Reason can strengthen faith, but things that are beyond reason can be reached by faith alone. If faith is limited by reason it is held down so that it cannot rise, but when faith is independent of reason it is raised by the force of the ideal, and then reason has scope to advance and reach the ideal. Those who believe in an ideal and those who do not have both arrived at their conviction by faith; in the former it is positive, in the latter negative. An unbeliever asked a believer, "If there were no God then would not all your prayers and expectations be in vain?" The believer answered, "If there be no God, and if my prayers are vain and all that I have done for God is lost, then I am in the same case as you, but if He exists, then I have the advantage." Faith is natural and its negative unnatural.

As all things in this artificial world are made by faith so the whole creation is made by the faith of the divine mind.

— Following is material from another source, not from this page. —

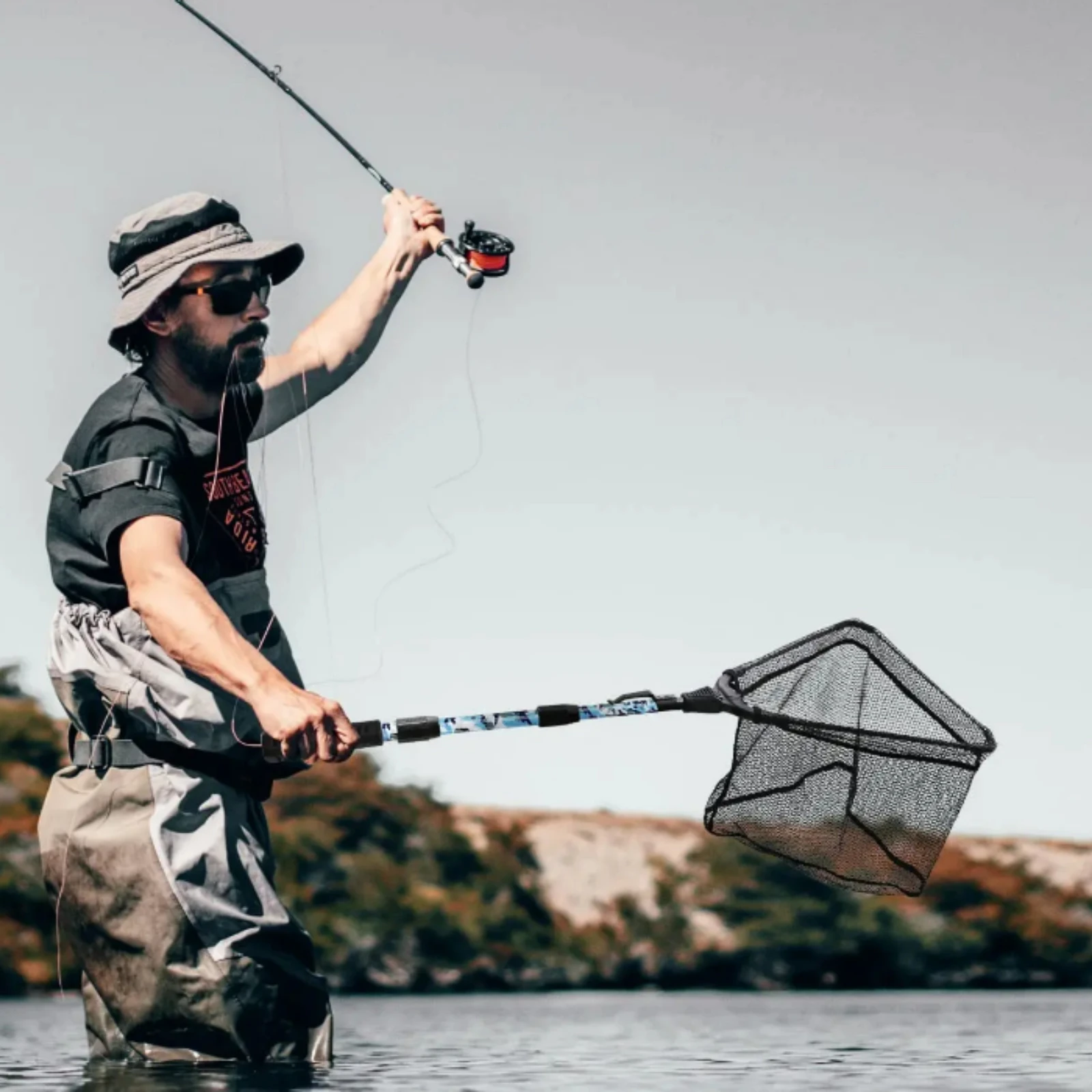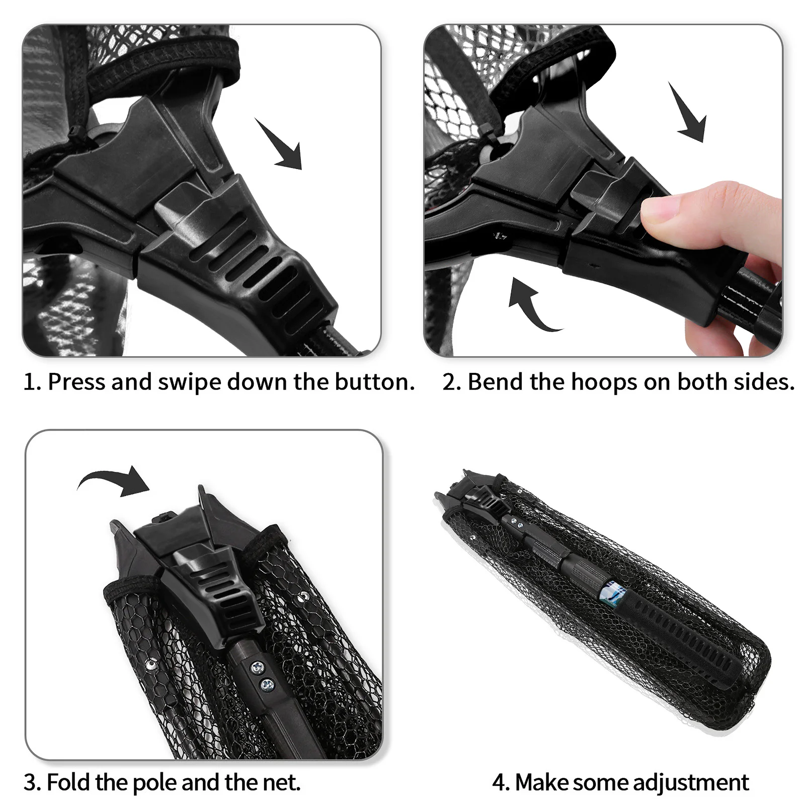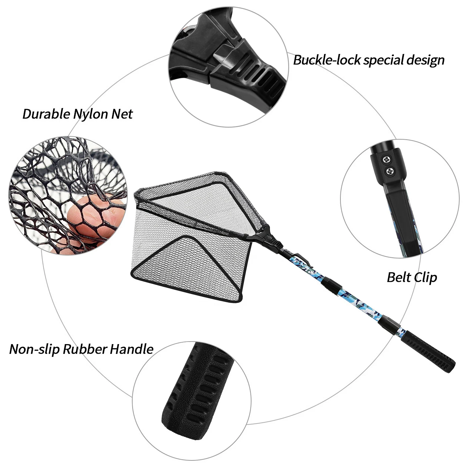 3. Red plegable, se abre y se cierra muy fácilmente, ideal para peces ligeros; asa telescópica, fácil de bloquear y liberar. Y se puede plegar sin ocupar demasiado espacio.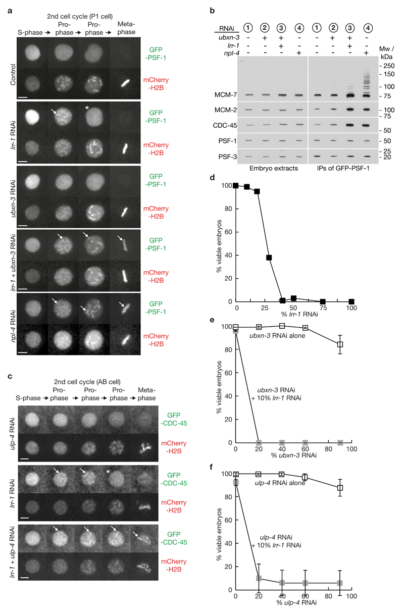 Figure 4. The mitotic CMG helicase disassembly pathway requires UBXN-3 and is modulated by the SUMO protease ULP-4, both of which become essential when LRR-1 is depleted.(a) Embryos from GFP-psf-1 mCherry-H2B worms were exposed to the indicated RNAi and processed as in Figure 3a. The arrows indicate persistent association of GFP-PSF1 with mitotic chromatin (throughout mitosis in the case of RNAi to npl-4, or after simultaneous RNAi to lrr-1 + ubxn-3), whereas the asterisk denotes release of GFP-PSF-1 from chromatin in late prophase in embryos treated only with lrr-1 RNAi. The scale bars correspond to 5µm. (b) Homozygous GFP-psf-1 worms were exposed to the indicated RNAi and isolated embryos were then processed as in Figure 1e. (c) Embryos from GFP-cdc-45 mCherry-H2B worms were exposed to the indicated RNAi and processed as above. The data correspond to the AB cell in the second cell cycle, in which lrr-1 ulp-4 double RNAi leads to persistence of GFP-CDC-45 until at or after nuclear envelope breakdown (8 of 9 embryos tested). (d) Worms were fed on plates where the indicated proportion of bacteria expressed lrr-1 double-stranded RNAi, and embryonic viability was measured as described in Methods (for each timepoint, 69-94 embryos were examined from five adult worms). (e) Worms were fed on the indicated proportion of bacteria expressing ubxn-3 RNAi, either alone or in combination with 10% bacteria expressing lrr-1 RNAi. The data represent the mean values (n = 3 independent experiments; for each timepoint, 70-100 embryos were examined from five adult worms), with the indicated standard deviations from the mean value. (f) Similar experiment involving increasing doses of ulp-4 RNAi, with or without 10% lrr-1 RNAi (n = 3 independent experiments; for each timepoint, 70-100 embryos were examined from five adult worms). Unprocessed scans of key immunoblots are shown in Supplementary Figure 8. |

Therefore as the divine mind has been able to create all by faith, so man by this divine attribute can rise to the source of his being.

Thought, speech, and action without faith are as body without life. All things by faith are made alive, for faith is the life of all things. Think what joy trust brings, and what a feeling of suffocation doubt brings! When a person does not trust another that means he has no confidence in himself; he is not happy through this. It would be no exaggeration to say that material loss resulting from misplaced confidence is better than all profit resulting from justified suspicion.